Starting – Shahid As a Poet
  • Shahid or Shahid Ali was a poet. Through his poems, through his melodious words and stunning sentences, he gave liberty to life to shake hands with death.
  • Knowing the fact very well that time was limited, Ali opened his treasure-trove of enormous life force and tied Ghosh with the ropes of nostalgia.
Shahid’s Love for Kashmir
  • His words revealed the heat of the political lava during his stay in Kashmir.
  • During this short period of their friendship Shahid had left some fabulous brushstrokes of an unambiguously different Kashmir.
  • Even being a firm believer in the separation of politics and religious practice, he set apart the separatism, atrocities and violence that had already led the paradise to a paradise lost.
  • When his childhood loitered about in the room of Srinagar, he fervently placed a desire of desires to his parents. It was but to establish a small Hindu temple inside his room.
  • He was no pharisaic at all, even at the time of his standing on the burning atlas of Kashmir.
  • With the passage of time, idols and other trappings were bought by his mother, and the innermost part of their house became the holiest place a temple.

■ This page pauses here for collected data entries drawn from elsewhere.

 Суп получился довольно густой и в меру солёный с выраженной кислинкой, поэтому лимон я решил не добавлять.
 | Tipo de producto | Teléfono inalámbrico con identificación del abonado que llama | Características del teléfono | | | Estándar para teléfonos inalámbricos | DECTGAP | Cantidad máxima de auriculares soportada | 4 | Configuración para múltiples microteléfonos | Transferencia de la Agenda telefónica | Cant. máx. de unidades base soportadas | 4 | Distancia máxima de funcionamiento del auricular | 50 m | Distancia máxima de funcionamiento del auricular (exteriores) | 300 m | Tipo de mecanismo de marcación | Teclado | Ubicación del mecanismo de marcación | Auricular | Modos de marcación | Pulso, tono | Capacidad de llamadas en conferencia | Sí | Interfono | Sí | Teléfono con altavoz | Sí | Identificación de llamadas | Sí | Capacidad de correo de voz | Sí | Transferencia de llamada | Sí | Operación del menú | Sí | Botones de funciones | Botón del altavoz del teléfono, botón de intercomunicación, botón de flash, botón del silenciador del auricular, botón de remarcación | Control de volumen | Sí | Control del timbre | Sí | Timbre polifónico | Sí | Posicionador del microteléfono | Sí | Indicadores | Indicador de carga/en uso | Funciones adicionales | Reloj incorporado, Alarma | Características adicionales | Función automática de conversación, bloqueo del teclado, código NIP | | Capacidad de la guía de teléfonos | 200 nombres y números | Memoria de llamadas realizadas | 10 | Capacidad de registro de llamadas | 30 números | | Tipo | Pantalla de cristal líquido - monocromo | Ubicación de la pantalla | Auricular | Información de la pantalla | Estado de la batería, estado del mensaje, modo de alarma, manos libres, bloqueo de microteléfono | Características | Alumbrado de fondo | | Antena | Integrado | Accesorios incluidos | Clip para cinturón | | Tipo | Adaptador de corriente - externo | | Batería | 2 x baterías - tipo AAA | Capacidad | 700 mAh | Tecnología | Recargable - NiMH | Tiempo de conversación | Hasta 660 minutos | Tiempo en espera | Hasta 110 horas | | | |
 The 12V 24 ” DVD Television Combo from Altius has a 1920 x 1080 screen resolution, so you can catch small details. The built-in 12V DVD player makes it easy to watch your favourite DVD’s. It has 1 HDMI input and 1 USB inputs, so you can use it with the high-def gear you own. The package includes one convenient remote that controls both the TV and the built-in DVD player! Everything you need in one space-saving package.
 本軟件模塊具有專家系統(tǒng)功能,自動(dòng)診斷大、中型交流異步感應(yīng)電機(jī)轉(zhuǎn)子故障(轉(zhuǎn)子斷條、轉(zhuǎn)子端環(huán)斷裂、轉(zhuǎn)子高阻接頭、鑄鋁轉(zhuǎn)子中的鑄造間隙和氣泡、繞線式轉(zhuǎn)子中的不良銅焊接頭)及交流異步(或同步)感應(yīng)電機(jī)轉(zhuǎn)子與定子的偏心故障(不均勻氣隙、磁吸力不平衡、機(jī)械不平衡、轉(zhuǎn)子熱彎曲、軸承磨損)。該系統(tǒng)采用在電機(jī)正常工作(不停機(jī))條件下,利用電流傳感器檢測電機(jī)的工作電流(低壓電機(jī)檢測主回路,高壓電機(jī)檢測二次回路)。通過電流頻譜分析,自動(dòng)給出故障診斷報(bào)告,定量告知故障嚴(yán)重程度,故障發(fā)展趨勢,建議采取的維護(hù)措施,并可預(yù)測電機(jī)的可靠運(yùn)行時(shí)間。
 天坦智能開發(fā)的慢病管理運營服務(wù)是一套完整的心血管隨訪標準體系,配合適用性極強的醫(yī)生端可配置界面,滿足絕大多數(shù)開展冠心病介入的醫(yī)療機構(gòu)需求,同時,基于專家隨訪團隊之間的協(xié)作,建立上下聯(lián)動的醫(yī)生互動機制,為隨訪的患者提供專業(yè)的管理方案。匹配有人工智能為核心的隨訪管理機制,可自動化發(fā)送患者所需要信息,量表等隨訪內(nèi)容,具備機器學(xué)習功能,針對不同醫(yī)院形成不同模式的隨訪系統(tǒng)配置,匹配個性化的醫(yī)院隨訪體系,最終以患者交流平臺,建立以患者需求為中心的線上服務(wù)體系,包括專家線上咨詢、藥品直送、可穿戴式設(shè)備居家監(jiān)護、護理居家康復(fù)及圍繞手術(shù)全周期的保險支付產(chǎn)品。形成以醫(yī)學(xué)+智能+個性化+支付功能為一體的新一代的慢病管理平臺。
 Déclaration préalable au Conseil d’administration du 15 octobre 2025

  • In this way, his house became a religious confluence of Hinduism and Islam.
Shahid’s love for Food
  • Even during his last stage of cancer with everything confirming his death, Shahid was able to enjoy food and talked about food.
  • Whenever there was a party around, he attended it without failure.

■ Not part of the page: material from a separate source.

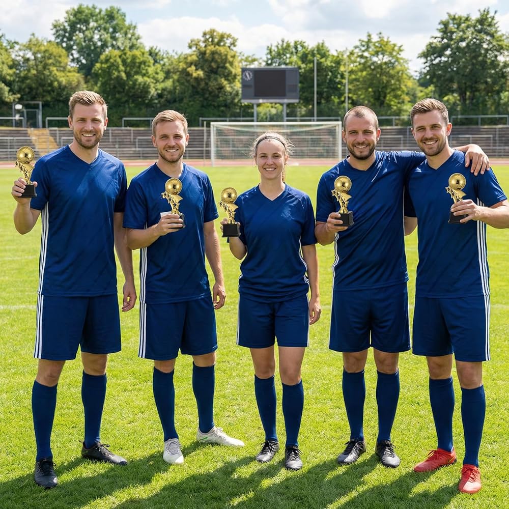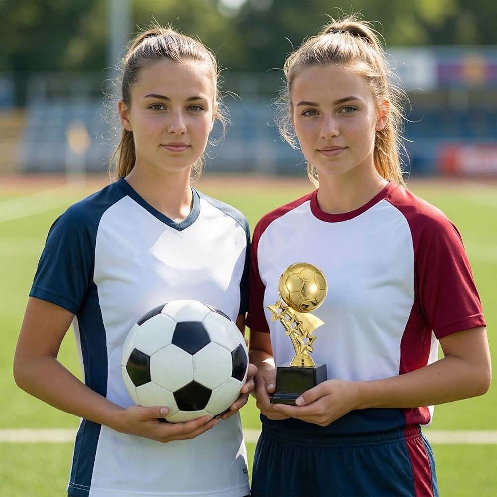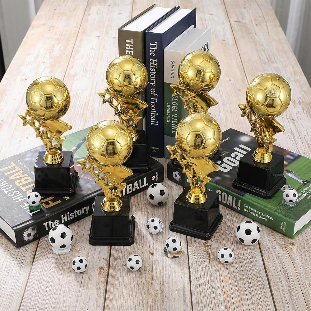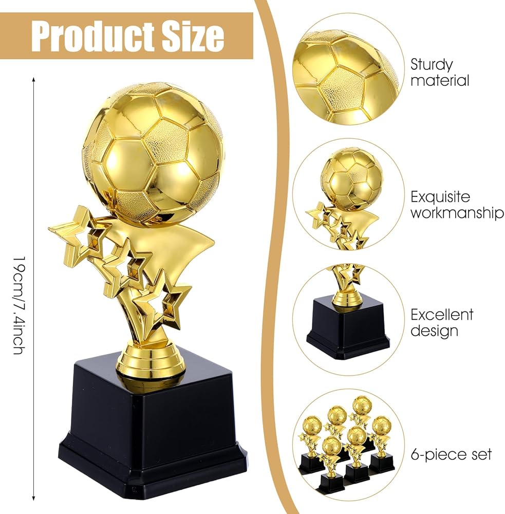 Each trophy is crafted from durable PP plastic with a rich, shimmering gold finish that catches the light and draws attention. The delicate soccer ball atop the pillar and the elegant five-pointed star design create a recognizable and prestigious award. Standing 7.4 inches (approximately 19 cm) tall, they offer a substantial presence worthy of any champion.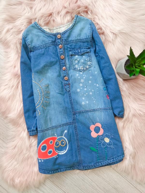 Легкое джинсовое платье Next в идеальном состоянии. Размер указан 2-3 на рост 98 см, но большемерит. Рукав можно носить с подворотом. Замеры: Длина от плеча до низа 55 см Ширина под ручками 31 см Рукав от плеча без подворота 34-35 см.

  • Was it to please his hunger or was it to please his companions, we do not know.
Shahid and Cancer
  • For Shahid Ali cancer was like a joke. He admitted it but never admitted his defeat to cancer.
  • “Almost to the very end, even as his life was being consumed by his disease, he was the centre of a perpetual carnival, an endless mela of talk, laughter, food and of course, poetry.”
  • He celebrated life that anybody could think he was defeating death day by day. But death builds no paradox.
  • Shahid was suffering from cancer, some fourteen months at the beginning of the account.
  • When he could see nothing, his words appeared to be a moving epitaph, “I hope this doesn’t mean that I’m dying…”

Shahid and Amitav
  • Amitav kept his promise, and opening into painful and tender memories with concealed skill, which hid his pain even from himself.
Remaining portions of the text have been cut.